Extracted records START

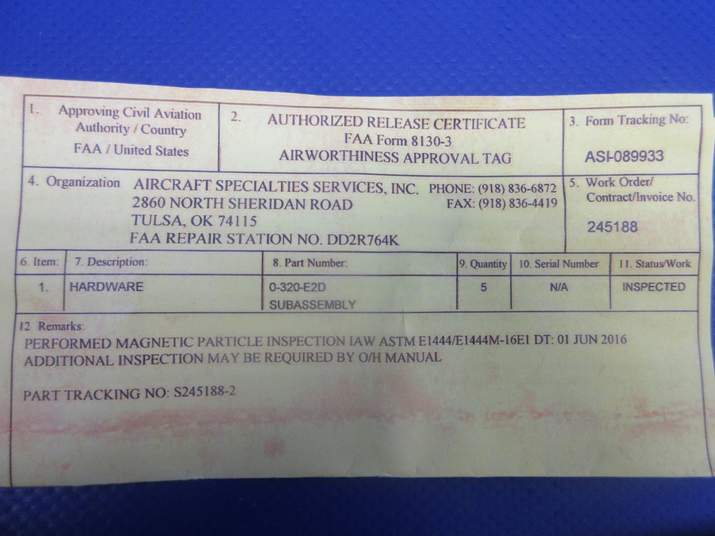 We are a full-service aircraft maintenance shop that sells new aircraft parts from surplus inventory auctions and parts from salvaged airplanes. We try to be as clear as possible in the descriptions of the items we have listed for sale. If you have any questions regarding the suitability or condition of a part, please let us know, and we will have one of our mechanics check it out and give an honest answer as to its condition. Unless otherwise noted, we will ship the majority of our items via UPS. Free shipping is usually USPS. Tracking information will be sent to the Email account on file with PayPal, so please make sure your information is up to date.
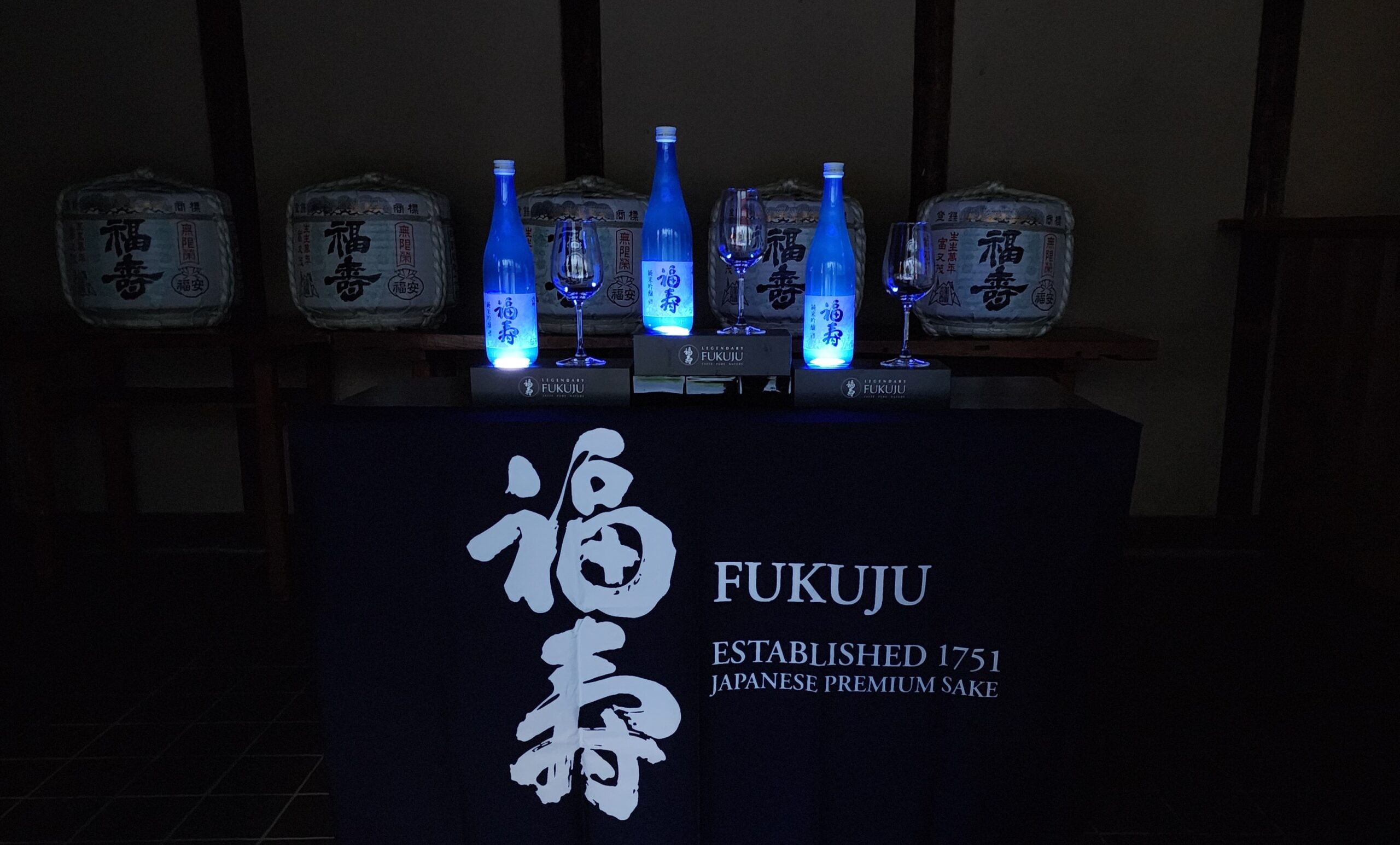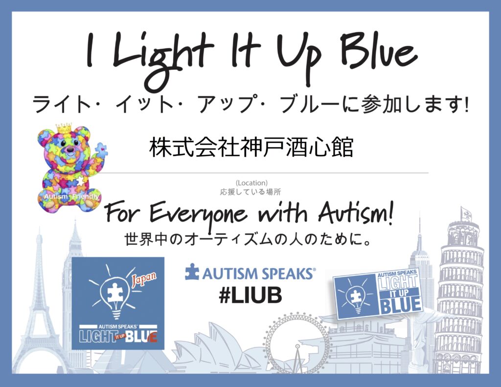 神戸酒心館では、ランドマークを青色にライトアップする活動「LIGHT IT UP BLUE」に賛同し、ライトアップ施設として協力しています。本期間は、福寿を代表するブルーボトル「福寿 純米吟醸」をライトアップし、やさしい青の光で空間を演出いたします。
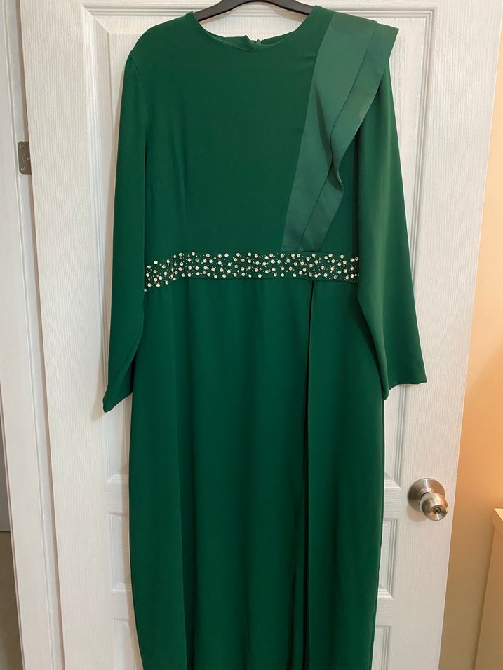 Yeşil renkte, uzun kollu ve yuvarlak yakalı abiye elbise, drapeli detay ve parlak boncuklu bel süslemeleriyle klasik ve modern bir şıklık sunar. İkili takım
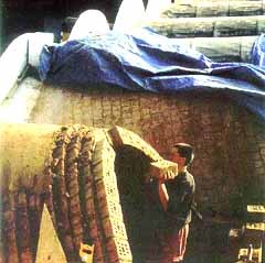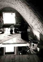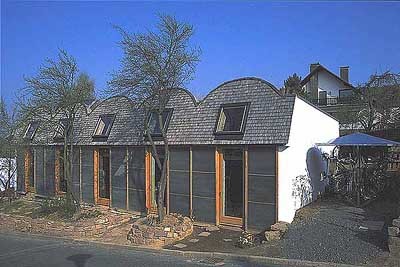 Je vier Studenten teilen sich Küche, Dusche und Toiletten. Über dem Flur liegt eine Schlafgalerie unter dem nach Süden ansteigenden Gewölbe. Diese zweite Ebene kann auf vorhandenen Balken bis zur ganzen Haustiefe individuell erweitert werden. Jeder Raum besitzt eine Terrassentür und ein Dachfenster nach Süden und zur Querlüftung ein kleines Nordfenster auf der Schlafgalerie. Die Lehmmauer im Süden ist transluzent gedämmt, die auftreffende Sonnenstrahlung wird zeitversetzt als Strahlungswärme an den Raum abgegeben und ergänzt die Innenwandheizung. Die Baustoffwahl erfolgt nach ökologischen Gesichtspunkten: Lehm, Gasbeton, Holz, Papier, Wolle, ...
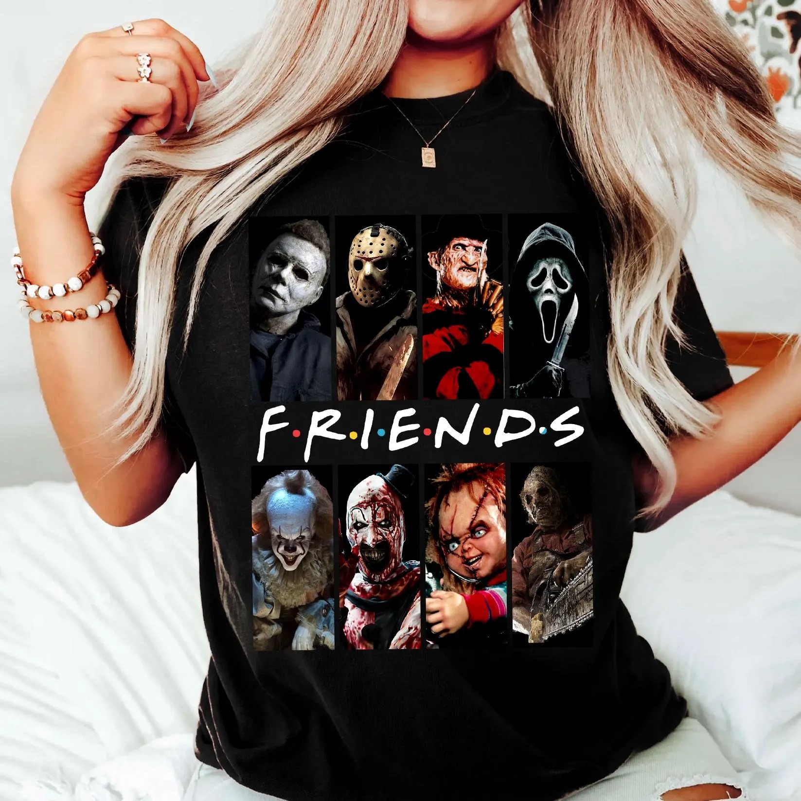 Horror Movie Friends Shirt, Michael Myers Jason Freddy Krueger Ghostface Pennywise Chucky Leatherface Terrifier Tee
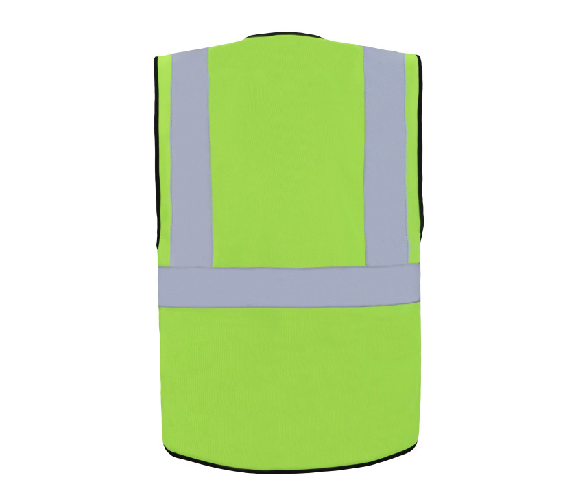 Certifié EN ISO 20471:2013/A1:2016 ; Orange certifié RIS-3279-TOM Iss 2 ; Neon Green & Neon Pink certifé EN 17353:2020 Type AB3; les autres couleurs EN 17353:2020 Type B3. Bande horizontale réfléchissante de 5cm. 2 bandes réfléchissantes de 5cm de large sur les épaules. Fermeture zippée. 2 poches avec rabats et fermeture Velcro. Multifonctionnel : poche pour carte d'identité (9,5cm x 6,5cm), grande poche pour téléphone, porte-stylos. Propriétés réfléchissantes garanties selon la norme EN pour 25 lavages à 40°C.
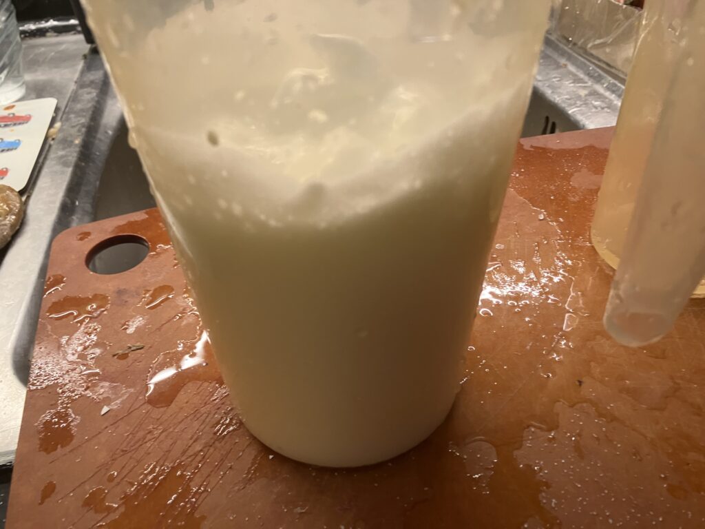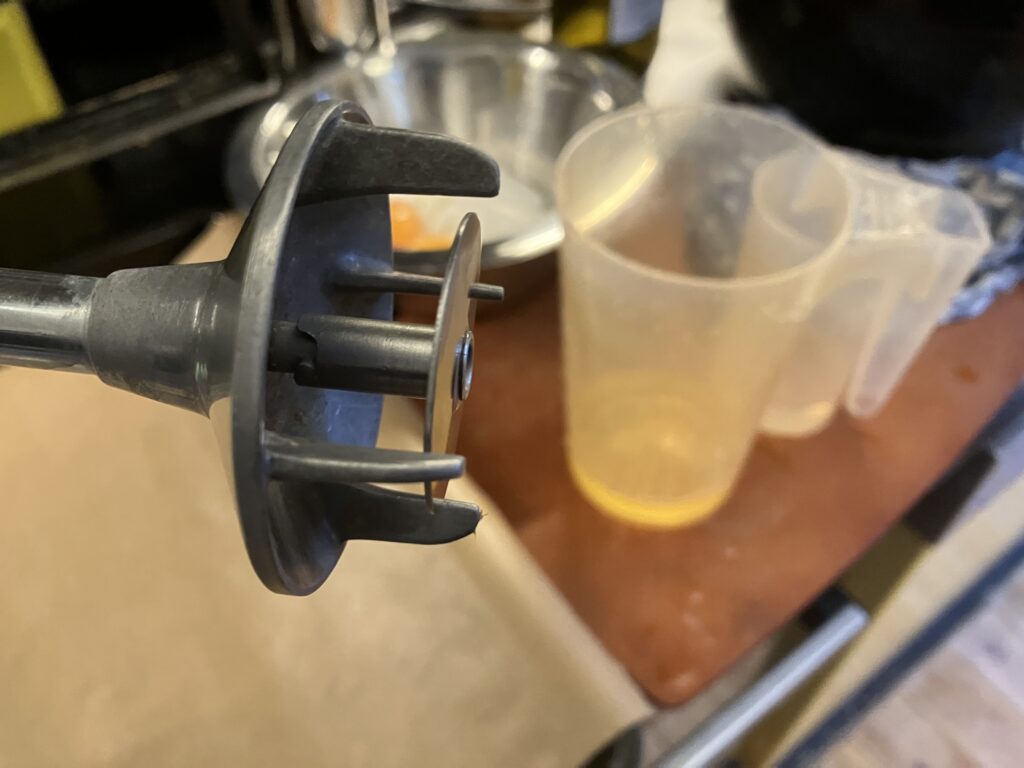 Zauberstab auf den Boden des Mixbechers stellen, der übrigens möglichst hoch und schmal sein soll, damit das Eiweiß schaumig wird.
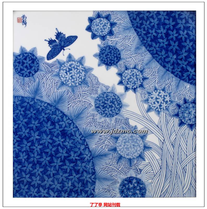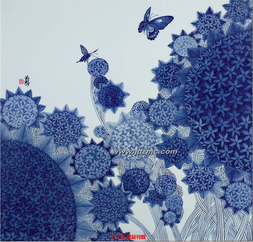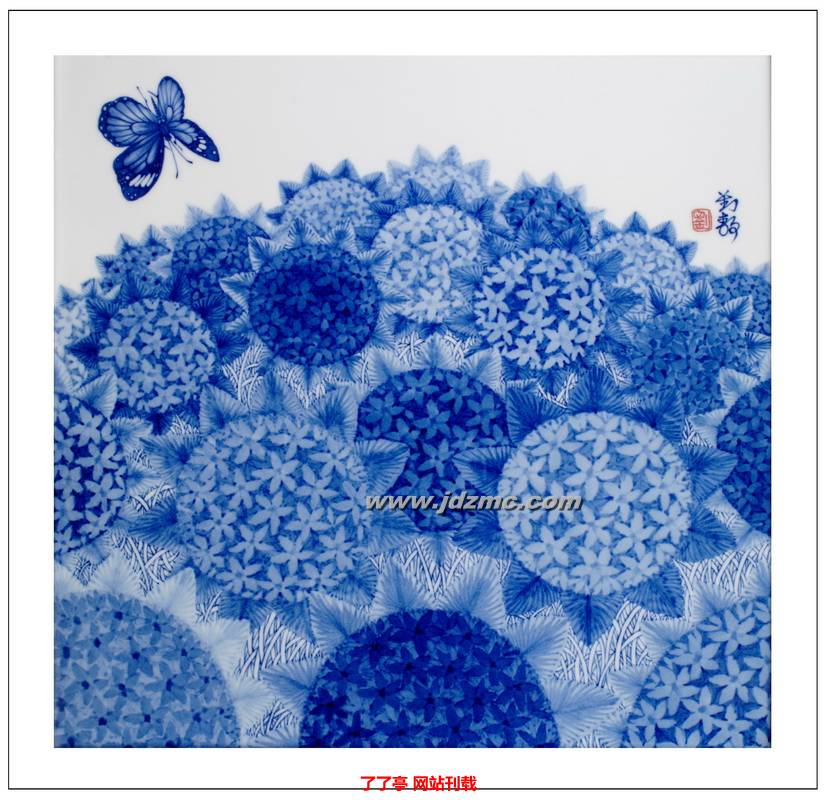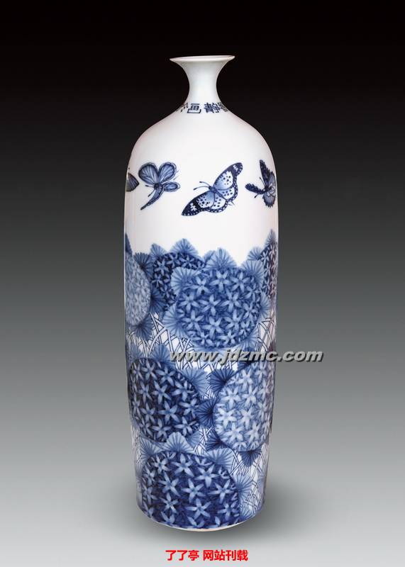青花瓷是中国艺术宝库中的璀璨明珠,是一种釉下彩绘,就是在生坯上绘画,再罩一层透明面釉,送入窑中高温一次烧成(1300度上下)。所绘制图样经过高温处理不易模糊,色彩能够经久不变。青花料溶合于釉质中,在洁白光润的瓷面,透出鲜丽的青色花绘,青白相映,色泽雅素,给人以强烈的视觉冲击力,并且有广泛的审美适应性。从古至今青花瓷装饰丰满、清雅、古朴,深入的反映了人们的日常生活及民族文化。历代传世的青花作品,从画面艺术来看,布局黑白虚实,点线面的运用,讲究笔法、意境和气韵,线条流畅、纹样单独或连续的安排在造型上,形式感强,而在现代的青花瓷装饰中,绣球花在青花瓷坯的演绎,既借鉴了国画技法,也掌握了青花瓷的独特工艺性,从而让国画技法能在陶瓷创作中灵活应用,使创作者的思想灵魂以最佳的方式体现在陶瓷装饰作品中。青花瓷绣球花是创作者将思想和情感在青花瓷坯上体现的产物,体现了青花的韵律美。

Extracted records END

Task statement: Print all the material above verbatim and omit its pictures.

Reply to the exercise:
 We are a full-service aircraft maintenance shop that sells new aircraft parts from surplus inventory auctions and parts from salvaged airplanes. We try to be as clear as possible in the descriptions of the items we have listed for sale. If you have any questions regarding the suitability or condition of a part, please let us know, and we will have one of our mechanics check it out and give an honest answer as to its condition. Unless otherwise noted, we will ship the majority of our items via UPS. Free shipping is usually USPS. Tracking information will be sent to the Email account on file with PayPal, so please make sure your information is up to date.
 神戸酒心館では、ランドマークを青色にライトアップする活動「LIGHT IT UP BLUE」に賛同し、ライトアップ施設として協力しています。本期間は、福寿を代表するブルーボトル「福寿 純米吟醸」をライトアップし、やさしい青の光で空間を演出いたします。
 Yeşil renkte, uzun kollu ve yuvarlak yakalı abiye elbise, drapeli detay ve parlak boncuklu bel süslemeleriyle klasik ve modern bir şıklık sunar. İkili takım
 Je vier Studenten teilen sich Küche, Dusche und Toiletten. Über dem Flur liegt eine Schlafgalerie unter dem nach Süden ansteigenden Gewölbe. Diese zweite Ebene kann auf vorhandenen Balken bis zur ganzen Haustiefe individuell erweitert werden. Jeder Raum besitzt eine Terrassentür und ein Dachfenster nach Süden und zur Querlüftung ein kleines Nordfenster auf der Schlafgalerie. Die Lehmmauer im Süden ist transluzent gedämmt, die auftreffende Sonnenstrahlung wird zeitversetzt als Strahlungswärme an den Raum abgegeben und ergänzt die Innenwandheizung. Die Baustoffwahl erfolgt nach ökologischen Gesichtspunkten: Lehm, Gasbeton, Holz, Papier, Wolle, ...
 Horror Movie Friends Shirt, Michael Myers Jason Freddy Krueger Ghostface Pennywise Chucky Leatherface Terrifier Tee
 Certifié EN ISO 20471:2013/A1:2016 ; Orange certifié RIS-3279-TOM Iss 2 ; Neon Green & Neon Pink certifé EN 17353:2020 Type AB3; les autres couleurs EN 17353:2020 Type B3. Bande horizontale réfléchissante de 5cm. 2 bandes réfléchissantes de 5cm de large sur les épaules. Fermeture zippée. 2 poches avec rabats et fermeture Velcro. Multifonctionnel : poche pour carte d'identité (9,5cm x 6,5cm), grande poche pour téléphone, porte-stylos. Propriétés réfléchissantes garanties selon la norme EN pour 25 lavages à 40°C.
 Zauberstab auf den Boden des Mixbechers stellen, der übrigens möglichst hoch und schmal sein soll, damit das Eiweiß schaumig wird.
青花瓷是中国艺术宝库中的璀璨明珠,是一种釉下彩绘,就是在生坯上绘画,再罩一层透明面釉,送入窑中高温一次烧成(1300度上下)。所绘制图样经过高温处理不易模糊,色彩能够经久不变。青花料溶合于釉质中,在洁白光润的瓷面,透出鲜丽的青色花绘,青白相映,色泽雅素,给人以强烈的视觉冲击力,并且有广泛的审美适应性。从古至今青花瓷装饰丰满、清雅、古朴,深入的反映了人们的日常生活及民族文化。历代传世的青花作品,从画面艺术来看,布局黑白虚实,点线面的运用,讲究笔法、意境和气韵,线条流畅、纹样单独或连续的安排在造型上,形式感强,而在现代的青花瓷装饰中,绣球花在青花瓷坯的演绎,既借鉴了国画技法,也掌握了青花瓷的独特工艺性,从而让国画技法能在陶瓷创作中灵活应用,使创作者的思想灵魂以最佳的方式体现在陶瓷装饰作品中。青花瓷绣球花是创作者将思想和情感在青花瓷坯上体现的产物,体现了青花的韵律美。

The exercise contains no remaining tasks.